Background information
- Born: Craig Aloysius Montoya September 14, 1970 (age 56) Spokane, Washington, United States
- Genres: Alternative rock; post-grunge; power pop; grunge;
- Occupations: Musician, songwriter
- Instruments: Bass; guitar; keyboards; vocals; mandolin;
- Years active: 1992–present
- Label: Capitol

= Craig Montoya =

Craig Aloysius Montoya (born September 14, 1970) is an American musician. He is best known as the bassist of alternative rock band Everclear during the band's popularity in the late 1990s and early 2000s. He continued to perform with other small acts and tribute bands following his departure from Everclear in the mid-2000s.

==Early life==
Montoya was born in Spokane, Washington, and wanted to play music from an early age. Though he was originally interested in the drums, a lack of bass guitarists in the area led him to switch instruments. Montoya bought his first bass guitar and amp when he was sixteen with money he earned mowing lawns.
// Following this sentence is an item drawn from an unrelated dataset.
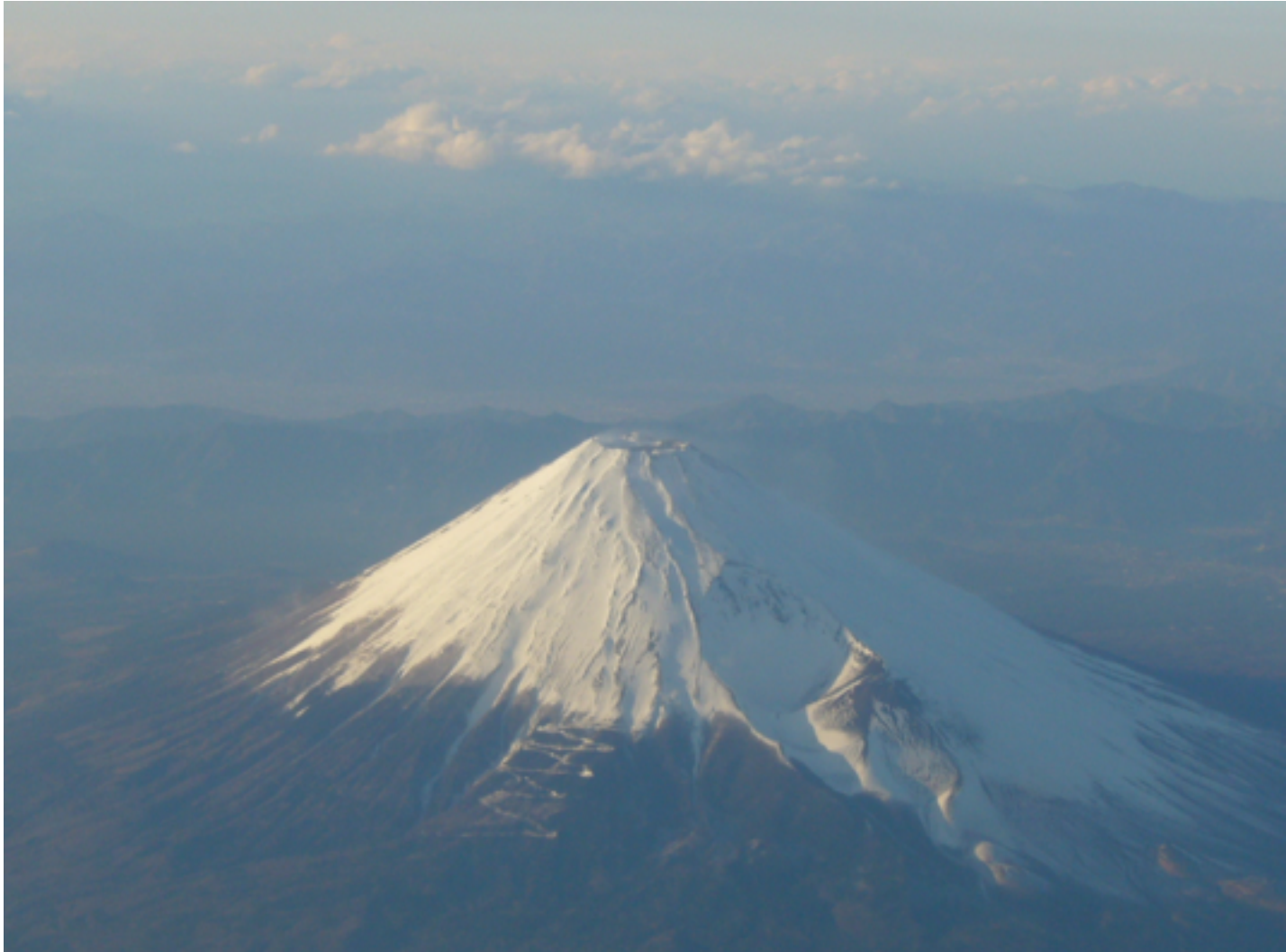
Mt. Fuji, Japan

After graduating high school, Montoya joined a band named Soul Hammer and planned a move to Portland, Oregon, but was dropped from the band once their demo tape was finished. He then looked for a bass position in The Rocket, a Northwest newspaper, and found an ad from Art Alexakis, the former lead singer of Colorfinger. Alexakis united with him and drummer Scott Cuthbert, and together they founded Everclear. The trio recorded music and performed live and local shows. In 1993, they released World of Noise, which was recorded in a friend's basement studio.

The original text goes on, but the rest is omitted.